*** Provided material ***

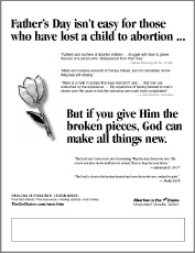 The Fatherhood Forever Foundation is dedicated to helping men find healing and hope after abortion by creating awareness that abortion does have an impact on men and providing encouragement to those seeking help. Lists resources, including books, articles and healing/support organizations.
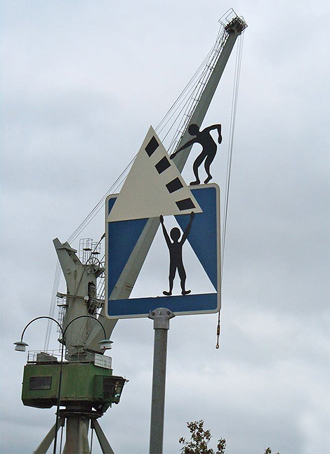För vad vi tror är tredje gången har Landskrona begåvats med en unik vägskylt. En musicerande Herr Gårman hade i morse lagt sig tillrätta med sin trumpet och spelar en trudelutt för hyresgästerna på Säbygatan. Konstverket, för det får man nog betrakta det som, är ytterst skickligt utfört och är placerat vid en handikapparkering i anslutning till den av Landskronahem nyligen renoverade gården mellan två höghus.
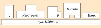 Ситуація. Подивіться на малюнок 1. Ви бачите ескіз вулиці, на якій розташована школа. Сашко сказав, що він вийшов зі школи і пройшов повз три будинки вздовж цієї вулиці.
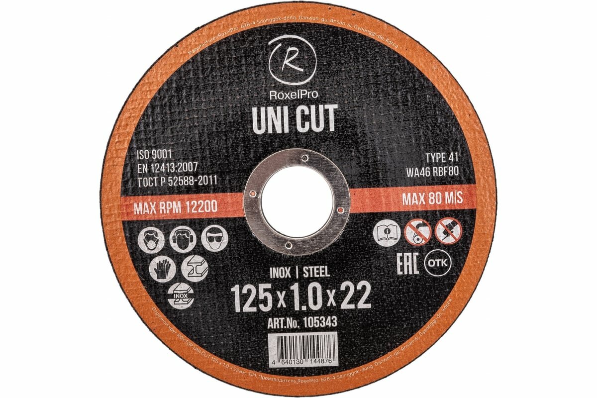 Отрезной круг RoxelProROXTOP UNI CUT, 125 x 1.0 x 22мм, Т41, 50шт. / упак.: сравнение цен, характеристики, фото, актуальное наличие и цены.
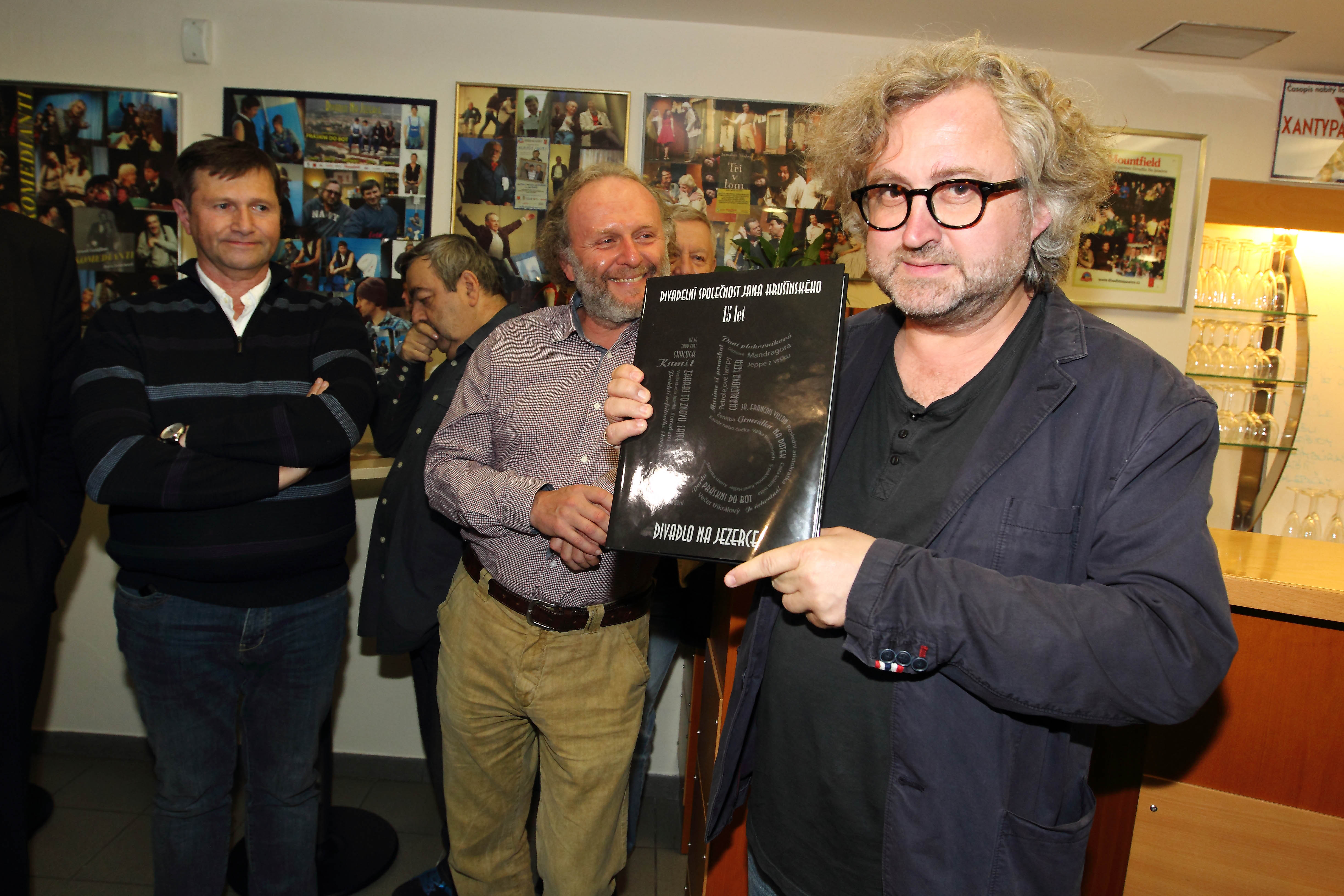 /18.10.2017/ Patnáctiletá historie Divadelní společnosti Jana Hrušínského se vešla na 240 stran reprezentativní publikace, kterou pro své diváky připravili Jan Hrušínský a grafička Barbora Hrušínská jako narozeninový dárek. Slavnostní křest se uskutečnil v Divadle Na Jezerce v úterý 17. října. Výpravnou divadelní knihu pokřtili stálí spolupracovníci a podporovatelé Jezerky, profesor Martin Hilský, herec Jaroslav Dušek a režisér Jan Hřebejk.
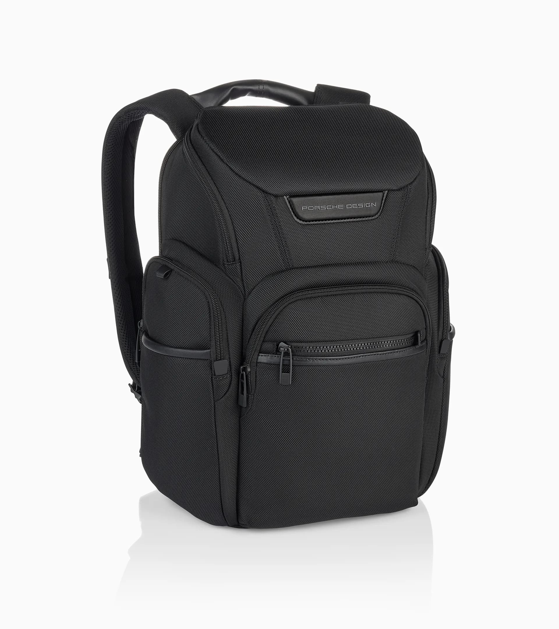 Uno zaino funzionale che unisce una strutturata praticità all'iconico design Porsche. Design sottolineato da dettagli di ispirazione Porsche, come le cerniere che richiamano gli interruttori a levetta e le cuciture decorative che ricordano i sedili delle auto.
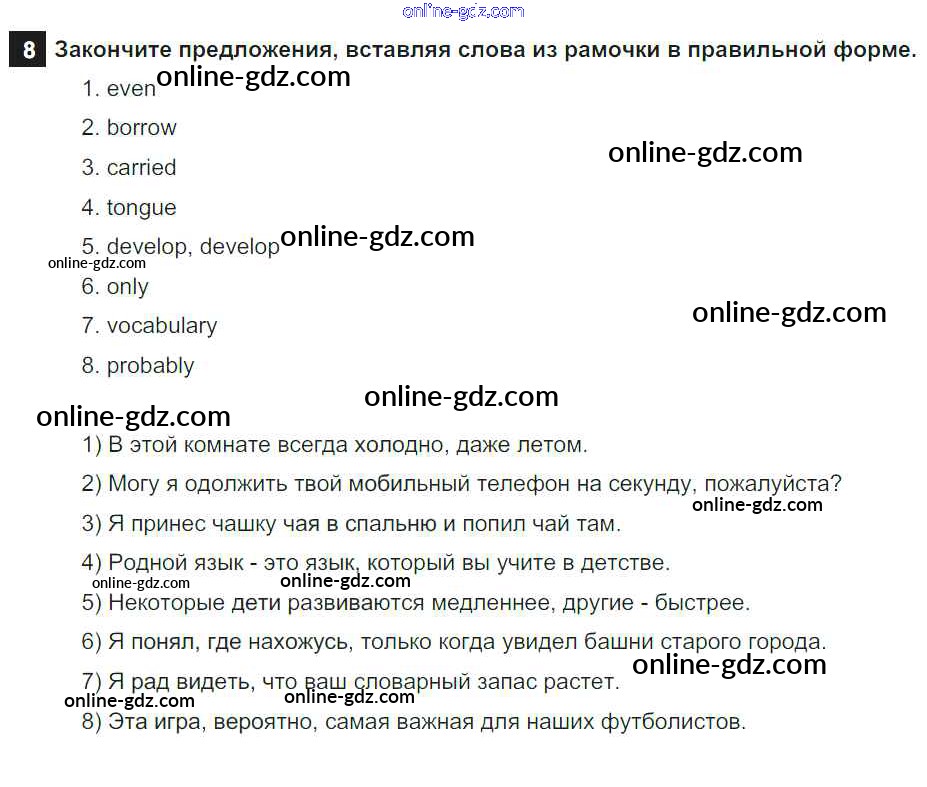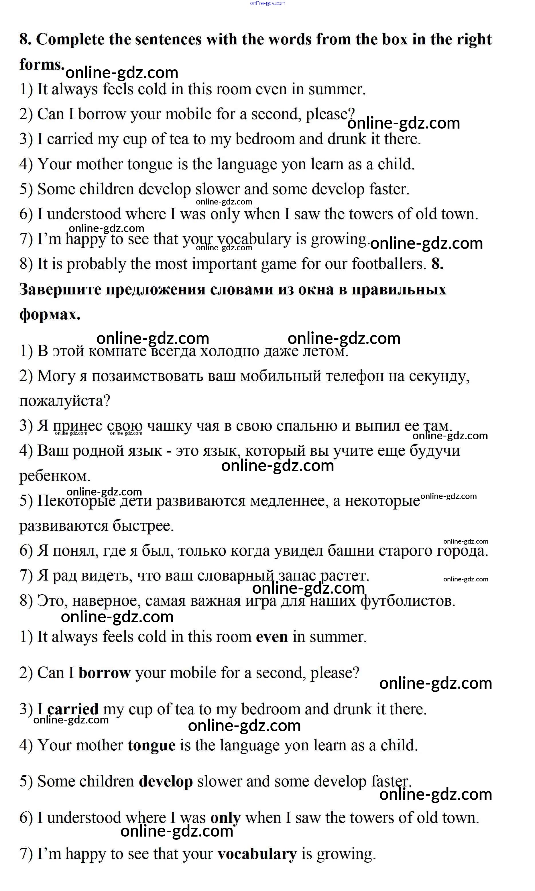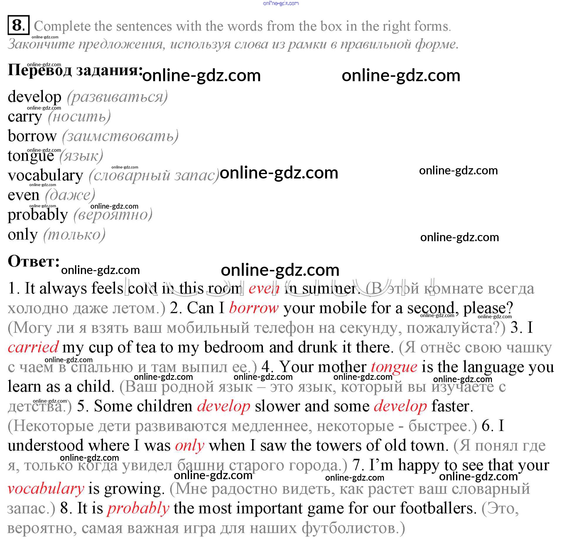 Готовые домашние задания по Английскому языку за 7 класс Учебник Афанасьева, Михеева Rainbow 2019 - Step 4 UNIT 2. THE LANGUAGE OF THE WORLD. 8
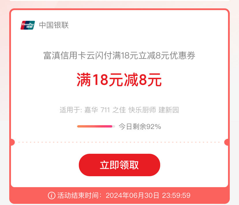 线下消费,在指定店铺使用信用卡绑定云闪付支付,又可以享受满18元减8元福利。
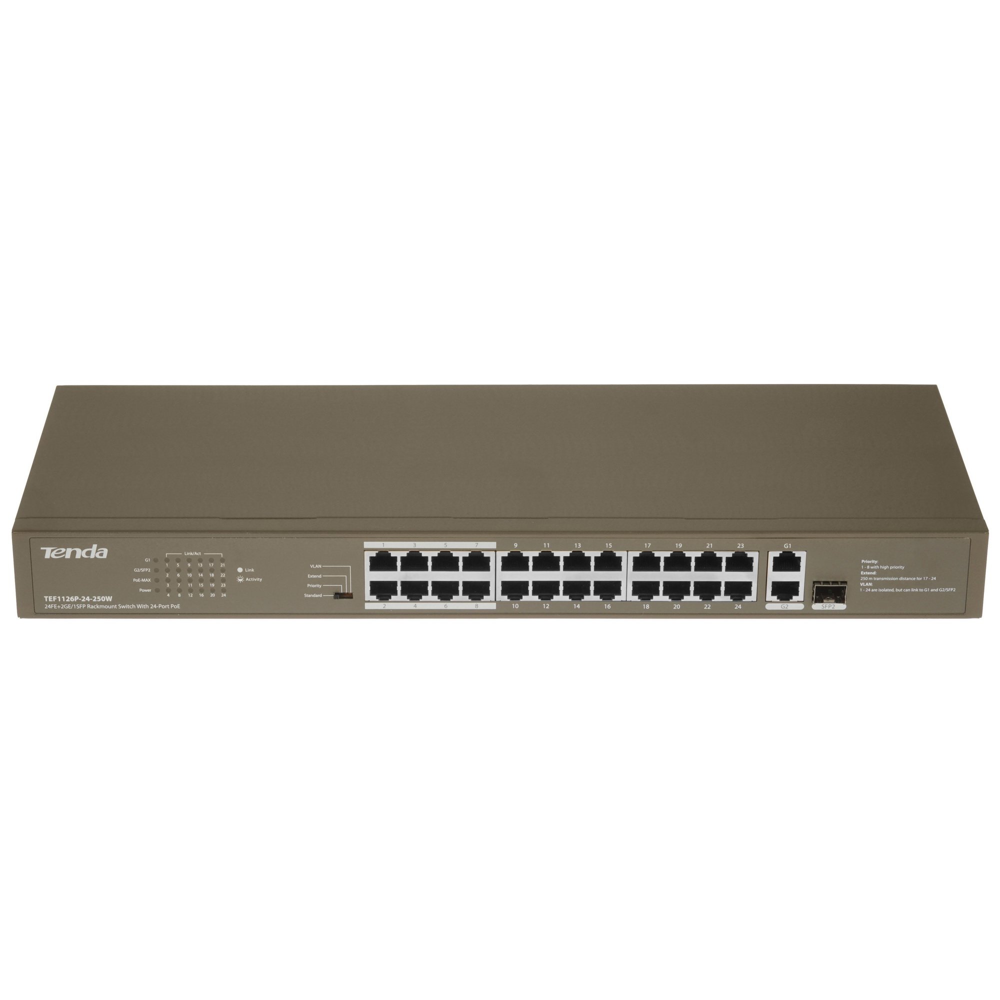 Коммутатор Tenda TEF1126P-24-250W 26-Портовыйбез управления FE c 24 портами PoE
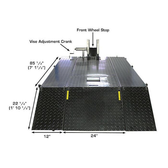 This is a complete ATV lift that includes the side extension kit consisting of two 12″ side extensions, two 12″ ramp extensions, and a wheeled dolly. The ACL XLT also includes standard the stabilizing bar, this bar provides greater stability for the raised platform by increasing the “footprint” of the lift. Many companies do not include this very important stabilizing bar in their “lift package”. Other popular features include the padded front wheel vise, a removeable rear plate that can be replaced with a dyno-roller plate, and a wheeled dolly to assist in moving the lift.
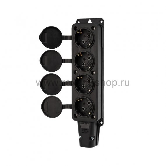 Розетка штепсельная четырехместная влагозащищенная, с/з, 16 А, IP54 каучук REXANT

*** End of Provided material ***

* Exercise brief *
The required answer is every line from the one containing "Коммутатор Tenda TEF1126P-24-250W" through the last line of the entries, restated word for word and with no pictures.

* Solution for this task *
 Коммутатор Tenda TEF1126P-24-250W 26-Портовыйбез управления FE c 24 портами PoE
 This is a complete ATV lift that includes the side extension kit consisting of two 12″ side extensions, two 12″ ramp extensions, and a wheeled dolly. The ACL XLT also includes standard the stabilizing bar, this bar provides greater stability for the raised platform by increasing the “footprint” of the lift. Many companies do not include this very important stabilizing bar in their “lift package”. Other popular features include the padded front wheel vise, a removeable rear plate that can be replaced with a dyno-roller plate, and a wheeled dolly to assist in moving the lift.
 Розетка штепсельная четырехместная влагозащищенная, с/з, 16 А, IP54 каучук REXANT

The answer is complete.